Cedendo ao Bloco, o PS fez alterações à proposta do Governo e negociou com o PCP, até ao último minuto antes das votações, a escala de redução das áreas de transferência. Nas contas das negociações com os comunistas entrou também um passo atrás do Executivo noutro diploma: foi introduzida uma moratória que retira, por num ano, a hipótese de serem disponibilizados no banco de terras os terrenos identificados sem dono no processo de cadastro.

As alterações ao regime de arborização e rearborização proposto inicialmente pelo Governo permitiram que o PCP desse o seu aval ao diploma da arborização considerado fundamental nesta reforma da floresta. Mas o PCP avisa que, mesmo com esta moratória, não está garantida a sua aprovação final aos diplomas do cadastro e do banco de terras. O deputado comunista João Ramos disse ao PÚBLICO que isso dependerá da análise global que o partido fizer do que consegue fazer aprovar nos restantes diplomas. Ou seja, só na votação final global desta quarta-feira se verá a posição final do PCP sobre o cadastro e o banco de terras.

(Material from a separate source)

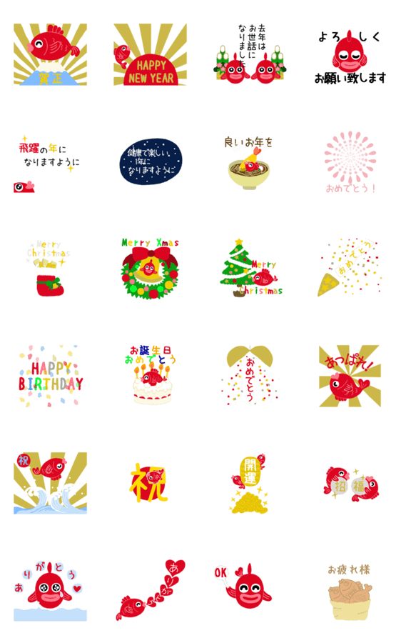 めで鯛!(お正月+誕生日+クリスマスなど) -LINEスタンプマニア

É esta linha de pensamento que justifica que o PCP, momentos depois de fazer o acordo com o Governo sobre a moratória, por volta das 15h, tenha chegado à Comissão de Agricultura e tenha proposto que estes diplomas fossem adiados para a próxima sessão legislativa alegando serem matérias de “grande complexidade”. Mas foi uma tentativa inglória porque PS e Bloco recusaram o adiamento, com a ajuda da abstenção da direita.

No caso da lei de rearborização, o texto final acabou por receber alterações de todos os partidos excepto do Bloco – este manteve o seu projecto próprio que foi liminarmente chumbado, recebendo apenas a abstenção do PAN.

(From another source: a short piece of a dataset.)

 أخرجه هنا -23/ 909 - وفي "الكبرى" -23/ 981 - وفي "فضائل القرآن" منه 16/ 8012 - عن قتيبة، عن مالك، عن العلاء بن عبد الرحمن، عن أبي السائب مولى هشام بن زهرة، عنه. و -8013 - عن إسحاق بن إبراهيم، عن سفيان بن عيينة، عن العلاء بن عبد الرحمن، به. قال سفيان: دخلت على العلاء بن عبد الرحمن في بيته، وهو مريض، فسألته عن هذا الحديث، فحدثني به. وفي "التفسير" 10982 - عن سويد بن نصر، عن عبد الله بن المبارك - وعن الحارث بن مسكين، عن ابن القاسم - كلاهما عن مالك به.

Ao ICNF cabe agora a gestão e fiscalização de toda a área de eucalipto do país, de forma a que esta não possa aumentar e vai começar por explorações com área superior a 100 hectares. Outra alteração que aperta a malha aos projectos é o fim do deferimento tácito para os projectos relativos a eucaliptos ou outros cuja área de arborização seja de pelo menos 10 hectares. E para os restantes projectos em geral, passa a haver deferimento tácito se 60 dias depois do pedido de autorização não houver parecer (agora são 45 dias).

No caso da permuta da plantação, além da redução anual sucessiva da área que é possível trocar das regiões do interior para o litoral, fica também decidida uma moratória que impede o cultivo de eucalipto em novas áreas que ainda não tenham aprovados os planos directores municipais de ordenamento florestal.